A care home manager has described how she burst into tears when her “worst fears were realised” and Covid struck down 11 staff and residents.

Sam Leuty runs Kinmel Lodge Residential Home for people with memory loss and dementia on Betws Avenue in Kinmel Bay.

She told the moving story of how, after living with fears that coronavirus would strike her vulnerable clients, she woke up with a feeling of dread one Saturday morning in May this year.

It sparked an emergency that led both the Army and Public Health Wales to descend on her place of work and blanket test all staff and 21 residents.

After three weeks away from the clients she so obviously cares about, Miss Leuty returned to work having lost nobody to the disease and her fears for the future subsiding.

Yet it was the moment she learned that she was Covid positive, in a text from Public Health Wales (PHW), that the enormity of what was happening hit her.

She told the Local Democracy Reporting Service: “You see it all on the news and you have that fear that it will kill our clients if it comes into the home.

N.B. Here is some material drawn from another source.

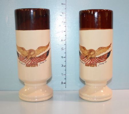 Pair of "Eagle Spirit of '76" McCoy Floraline Vases; 9" h. Pair of "Eagle Spirit of '76" McCoy Floraline Vases; 9" h.
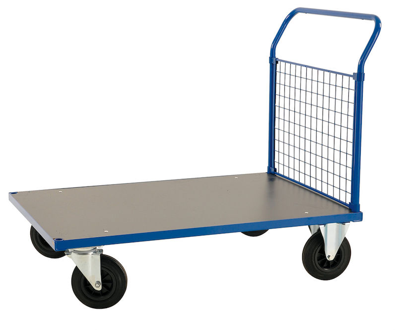 Plattformsvagn Uvan, nät, LxBxH 1083x700x1020 mm, blå, 1 gavel. Plattformsvagn med en lastkapacitet på 500 kg. Kraftig pulverlackerad stålkonstruktion med lastplan, gavlar och sidor i laminat eller nät. 2 fasta och 2 svängbara hjul, diameter 200 mm. Finns i flera olika storlekar.

“It’s extra stressful for the clients and families but the staff were fearful too.

“I received a text saying I was Covid positive on Tuesday, May 12. When I saw it, I started crying.

“It wasn’t for myself. It was pure fear that everyone was going to die and the staff were going to walk out.

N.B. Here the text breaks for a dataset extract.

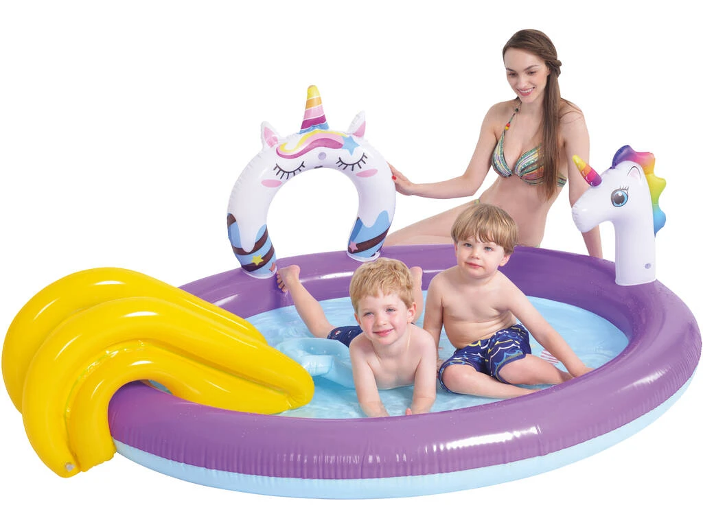 Consigue esta nueva y mágica piscina hinchable infantil, un lugar lleno de zonas de juego, con un estilo de lo más dulce y diferentes zonas de juego como el tobogán hinchable, el arco rociador de agua y muchas más sorpresas. Encuentra un lugar especial y seguro donde instalarla, llénala de aire y agua, y sorprende a los peques con un Verano muy refrescante y divertido.

“It scares the living daylights out of you. It’s just devastating.

“You think you are going to live that nightmare that you have seen on the TV.”

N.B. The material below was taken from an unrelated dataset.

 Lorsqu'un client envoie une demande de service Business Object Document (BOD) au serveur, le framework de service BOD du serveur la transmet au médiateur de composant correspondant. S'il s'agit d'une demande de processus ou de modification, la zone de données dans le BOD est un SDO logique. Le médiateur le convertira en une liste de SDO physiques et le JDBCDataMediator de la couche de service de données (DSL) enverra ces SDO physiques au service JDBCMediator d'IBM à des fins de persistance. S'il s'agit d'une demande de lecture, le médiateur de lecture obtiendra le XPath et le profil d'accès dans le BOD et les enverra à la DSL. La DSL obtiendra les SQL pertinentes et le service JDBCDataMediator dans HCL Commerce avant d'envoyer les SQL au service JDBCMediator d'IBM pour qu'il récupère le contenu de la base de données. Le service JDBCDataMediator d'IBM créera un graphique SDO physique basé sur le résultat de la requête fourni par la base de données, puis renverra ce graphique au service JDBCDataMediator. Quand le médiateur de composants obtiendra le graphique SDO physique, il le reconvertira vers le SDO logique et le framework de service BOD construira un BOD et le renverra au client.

Both Miss Leuty and her deputy Sharon Jones, plus two residents who had fluctuating temperatures, tested positive and the next day the Army turned up to test all the staff.

On the Thursday, Public Health Wales went into the home and tested every resident.

Five clients and six staff tested positive – so the remaining carers segregated those who were infected from the rest.

“We had to keep it all hush-hush,” said Miss Leuty. “But they caught it early.

“The Army, Public Health Wales and Conwy county council all reacted straight away – they were brilliant.

“It was so stressful, wondering whether we would lose anyone, but the staff have been absolutely amazing.”

Miss Leuty said the home locked down two weeks before official guidance advised they should.

They maintained social distancing where possible and adhered to strict infection controls, with staff changing at work and clothes being laundered on site.

All who tested positive were asymptomatic and it wasn’t until a month later that the Welsh Government started blanket testing care home residents and staff whether they had symptoms or not.

Despite suffering headaches, cramps, diarrhoea and nausea, Miss Leuty worked from home to support staff member Kerrie Whiteley to get the day to day work and handovers completed, despite her having no previous managerial experience.

It wasn’t the only help she received, as Conwy county council funded a nurse seven days a week and agency staff to help while the six colleagues were at home recovering and self-isolating.

The authority also paid for extra PPE.

One of the the residents was “quite poorly” with the virus for three weeks, said Miss Leuty, but thankfully all have now recovered.

She was full of praise for the council. She said: “I can’t stress enough how fantastic Conwy council has been with its support for us.”

She said Public Health Wales also gave advice about how to help disoriented residents cope with the lockdown procedures after the infections were discovered.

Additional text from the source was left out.